En efecto, si nos atenemos a la investigación
científica, determinados procesos cerebrales son causantes de estados alterados
de conciencia -lo que no significa que causen la propia conciencia-, tales como
las alucinaciones, el trance, la posesión, la visión, algunos tipos de sueño,
etc. Dichos estados forman parte en numerosas ocasiones del acervo cultural de
una religión o práctica religiosa. Cada tradición da más importancia a unos que
a otros, pero todos están insertados en el ser humano. Son parte de nuestra
esencia biológica y cultural. De tal forma, cuando el hombre aún no había escenificado
la ruptura con la naturaleza y sus ciclos, dichos procesos proporcionaban
significados precisos y únicos. Según algunos historiadores de las religiones,
las primeras religiones fueron de carácter el chamánico, concepto que
recoge esos estados alterados de la conciencia.

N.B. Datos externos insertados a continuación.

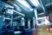 Strefa przemysłowa, rurociągi stalowe, zawory i drabiny
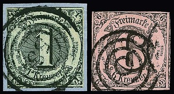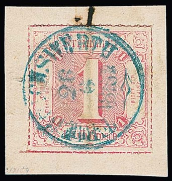 "Frankfurt a.M.", der seltene Versuchs-NS "53" klar auf Briefstück 1 Kr. schw./grün (in der Durchsicht gering hell, Fotoexp. Sem), sowie der Vierring-Versuchsstempel auf 6 Kr. schw./rosa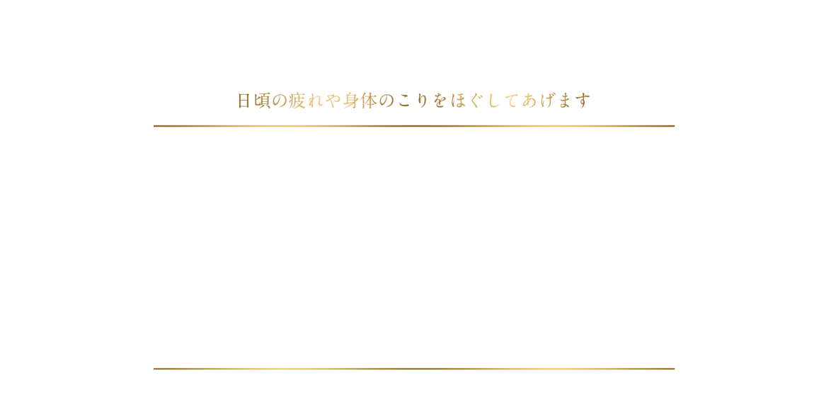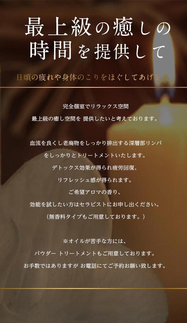 連日のお問い合わせありがとうございます。お忙しい皆様に満足して頂けるように皆様の隠れ家になれるように日々努力していきます。当店では徹底した研修と人選によっておもてなしのサービスを心掛けております。当店自慢のセラピストによる心和む施術をご堪能ください。必ずご満足頂けると確信しております。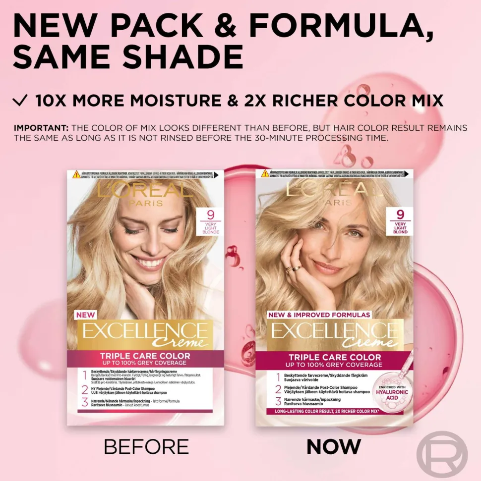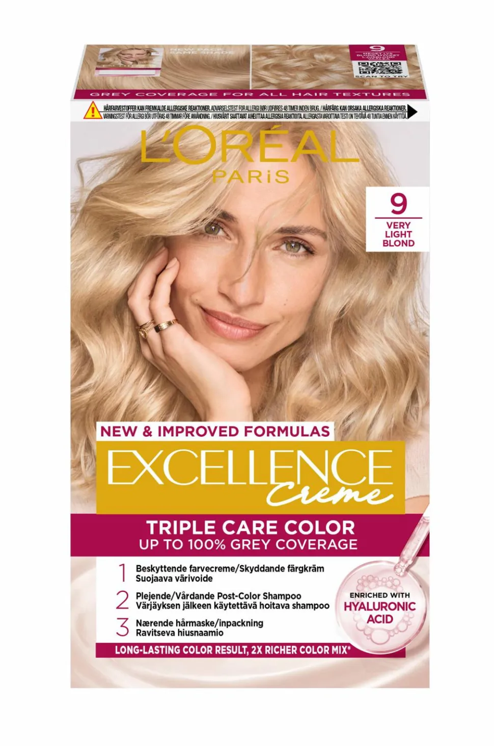 L’Oreal Paris Excellence Crème er en fantastisk permanent hårfarve, hvis du vil dække grå hår og samtidig beskytte og styrke dit hår. Excellence Crème-serien tilbyder klassiske og elegante farver, der giver fyldige, langtidsholdbare farveresultater. Triple Care Color-ritualet er beriget med hyaluronsyre og er et tretrinsprogram, der styrker og beskytter dit hår, samtidig med at det sikrer 10 gange mere fugt** og 2 gange rigere farveblanding* for en drypfri påføring. Op til 100 % dækning af gråt hår og velegnet til alle hårstrukturer.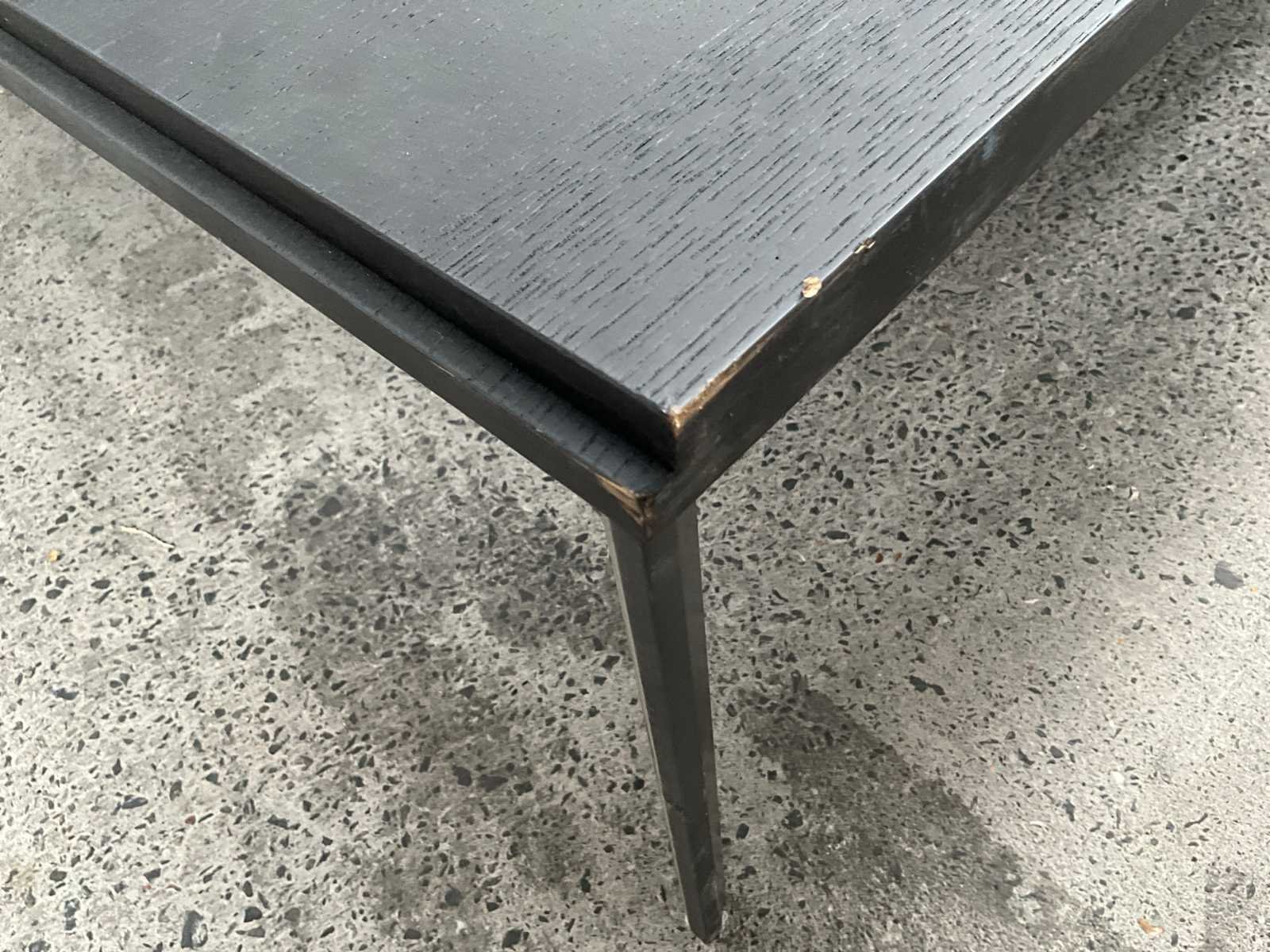 Voorzien van metalen onderstel en houten bovenblad voorzien van 2x lade, diverse hoeken licht beschadigd No Merk: Camerich Vorm: Vierkant Kleur: Zwart Lengte: 120cm Breedte: 120cm Hoogte: 41cm

El progreso de la Humanidad, en su historia de
destrucción, y también de construcción, ha ido arrinconando en lo más profundo
de la mente la herencia de una conciencia no sometida a la fuerte presión
cultural, una conciencia limpia de injertos ideológicos y normas más o menos
establecidas. Y nos encontramos ahora despojados, casi desposeídos de una de
las propiedades más importantes de nuestra conciencia: ser nosotros mismos,
tener nuestra propia identidad, no basada en un número de identificación a
efectos fiscales o de control policial. Las religiones, estructuradas en torno
a distintas creencias, rituales y normas, constituyen a veces la “capa
cultural” que impide la verdadera vivencia de la espiritualidad. Se rompe el
equilibrio y la persona navega en aguas sinuosas donde todo viene dado. Surge
la duda, el temor, la ansiedad, la rutina y, por ende, la enfermedad. Entonces,
esta persona desposeída de su propio capital natural, inmerso en un mundo
sofisticado y superficial, acude al psicoterapeuta, al consejero. Necesita
reestablecer el equilibrio, encontrar un asidero al que amarrarse sin miedo a
la caída y al abandono total.
Podemos decir que estamos antes el
renacimiento de una espiritualidad subjetiva y experimental a menudo apoyada en
argumentos científicos, que se yergue al mismo tiempo sobre tres críticas
cruciales: La crítica al reduccionismo materialista de la biomedicina, la
crítica al trascendentismo de las religiones del libro, y la crítica a la
fuerte institucionalización de la medicina y de las religiones modernas.